In some possible embodiments, after determining the audio recognition model based on the first coding layer in the first target network, further comprising:

acquiring an audio style dataset; the audio style data set comprises N first audio clips corresponding to the audio styles; wherein N is a positive integer greater than 1;

carrying out logarithmic mel feature extraction or mel cepstrum coefficient feature extraction on each first audio fragment in the audio style data set to obtain third audio feature information corresponding to each first audio fragment;

inputting third audio characteristic information corresponding to each first audio fragment into an audio recognition model to obtain first coding characteristic information corresponding to each first audio fragment;

classifying the audio style data set into a plurality of first audio fragment sets based on the first coding feature information corresponding to each first audio fragment; each first audio clip set includes at least one first audio clip in the audio style data set;

when the number of the first audio fragment sets satisfies N, it is determined that the audio recognition model verification is successful.

acquiring an audio scene data set; the audio scene data set comprises second audio clips corresponding to the M audio scenes; wherein M is a positive integer greater than 1;

carrying out logarithmic mel feature extraction or mel cepstrum coefficient feature extraction on each second audio fragment in the audio scene data set to obtain fourth audio feature information corresponding to each second audio fragment;

inputting fourth audio characteristic information corresponding to each second audio fragment into an audio recognition model to obtain second coding characteristic information corresponding to each second audio fragment;

Classifying the audio scene data set into a plurality of second audio fragment sets based on the second coding feature information corresponding to each second audio fragment; each second set of audio segments comprises at least one second audio segment in the acoustic scene data set;

when the number of the second audio fragment sets satisfies M, it is determined that the audio recognition model verification is successful.

In some possible embodiments, the first encoding layer and the second encoding layer are both a residual network of 38 layers.

According to a second aspect of embodiments of the present disclosure, there is provided an audio recognition method, including:

Acquiring audio to be identified;

Inputting the audio to be identified into an audio identification model obtained by training according to an audio identification model training method to obtain coding characteristic information of the audio to be identified;

and determining style information and/or scene information of the audio to be identified based on the coding feature information of the audio to be identified.
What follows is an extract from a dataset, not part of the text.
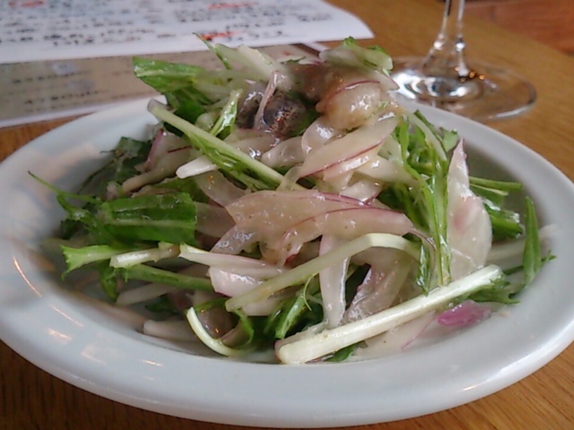 真イワシと水菜の梅マリネ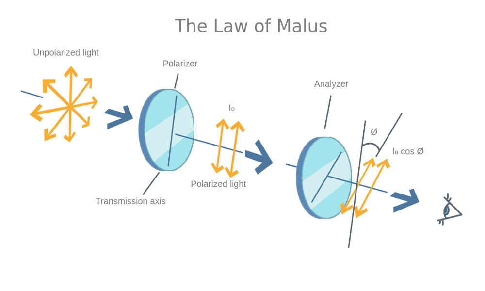 直線偏光のために,私は~ 0 ~,強度が理想偏光子を透過した強度で,我は,θは偏線形入射偏光軸の間の角度であるマリュスの法則によって説明することができます。

According to a third aspect of embodiments of the present disclosure, there is provided an audio recognition model training apparatus, including:

A first information determination module configured to perform determination of target audio feature information;

the second information determining module is configured to execute first data enhancement processing and second data enhancement processing on the target audio feature information respectively to obtain first audio feature information and second audio feature information;

The network training module is configured to execute audio recognition training on the first original network and the second original network based on the first audio feature information and the second audio feature information to obtain a first target network and a second target network; the difference between the first audio output data of the first target network and the second audio output data of the second target network is smaller than or equal to a preset difference;

The recognition model determination module is configured to perform determining an audio recognition model based on the first encoding layer in the first target network or the second encoding layer in the second target network.
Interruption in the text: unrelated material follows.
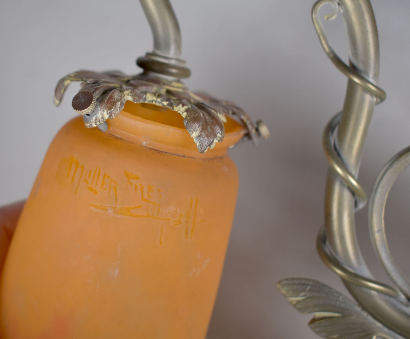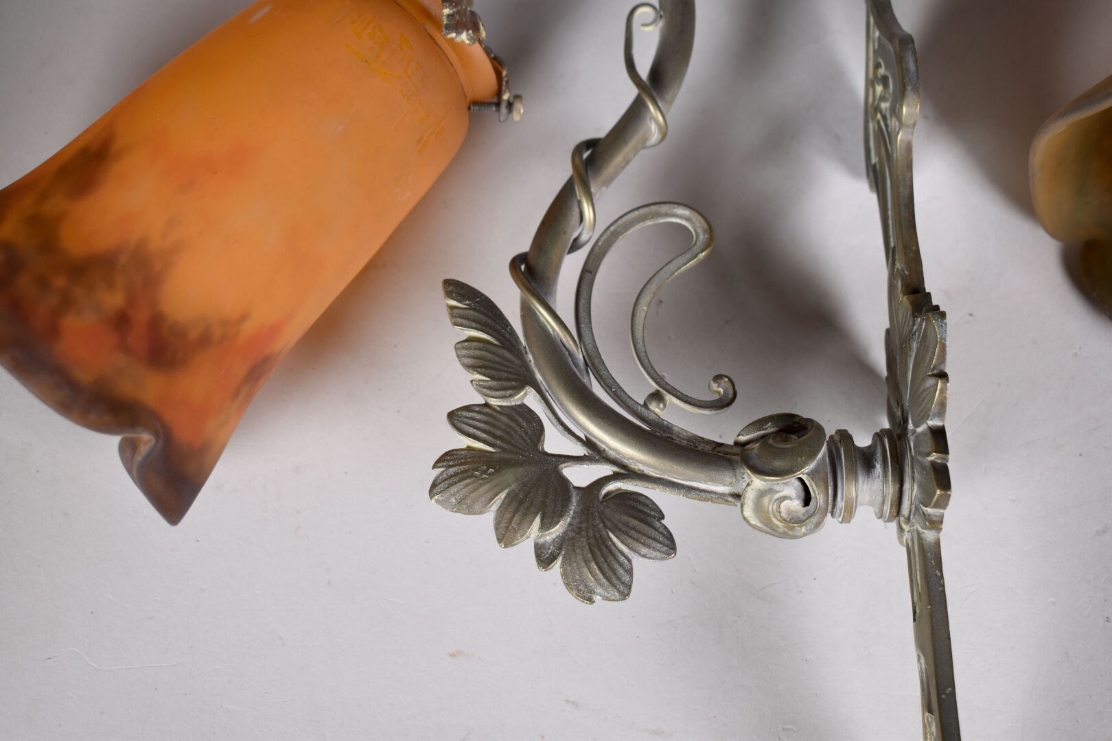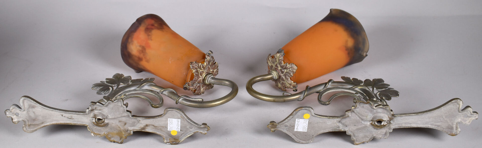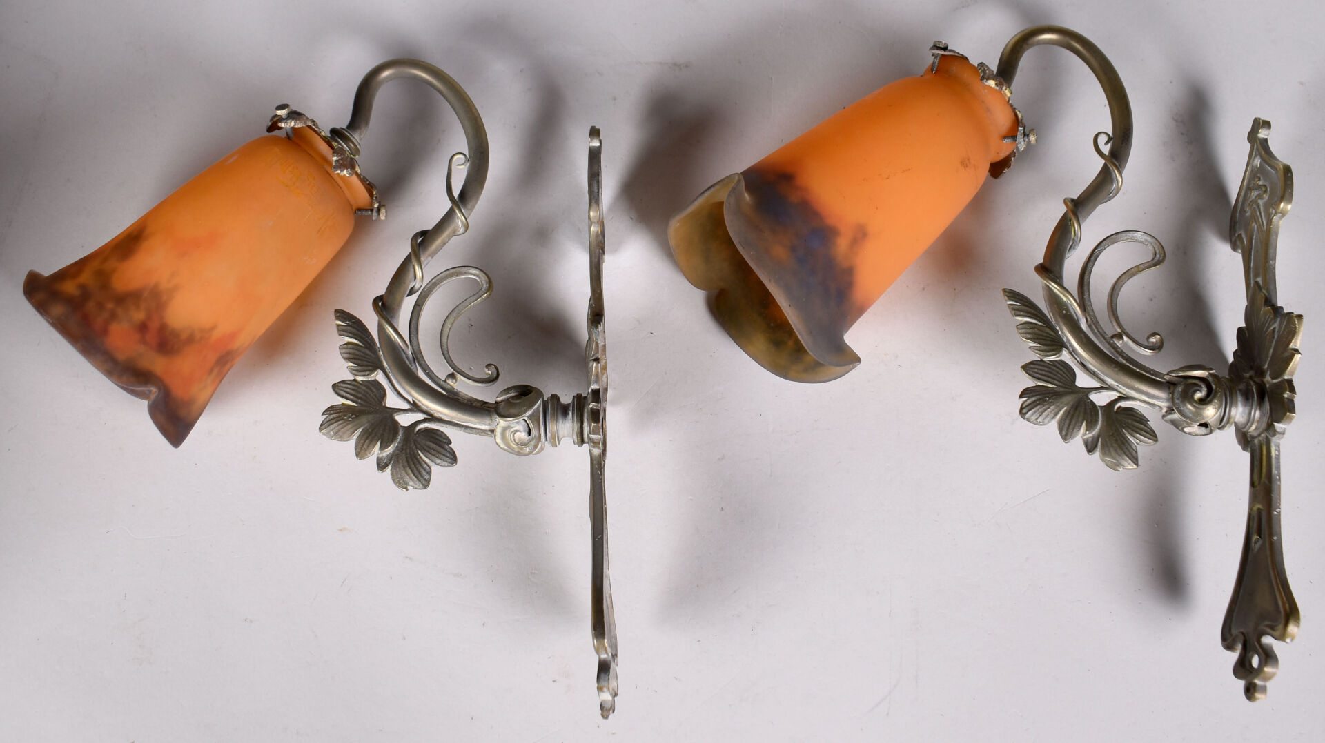 Paire d’appliques en bronze légèrement patiné argent à un bras feuillagé soutenant des tulipes de verre marmoréen orange et bleues portant une signature MULLER FRERES LUNEVILLE. Haut. : 32 cm.

In some possible embodiments, the network training module is configured to perform:

In some possible embodiments, the first information determination module is configured to perform:

Acquiring original audio;

cutting out the original audio to obtain target audio;

In some possible embodiments, the second information determination module is configured to perform:

In some possible embodiments, the apparatus further comprises a first authentication module configured to perform:

In some possible embodiments, the apparatus further comprises a second authentication module configured to perform:

According to a fourth aspect of embodiments of the present disclosure, there is provided an audio recognition apparatus, comprising:

an audio acquisition module configured to perform acquisition of audio to be recognized;

The coding information determining module is configured to execute an audio recognition model obtained by training the audio to be recognized by the audio recognition model training method, and obtain coding characteristic information of the audio to be recognized;

And the style scene determining module is configured to determine style information and/or scene information of the audio to be identified based on the coding characteristic information of the audio to be identified.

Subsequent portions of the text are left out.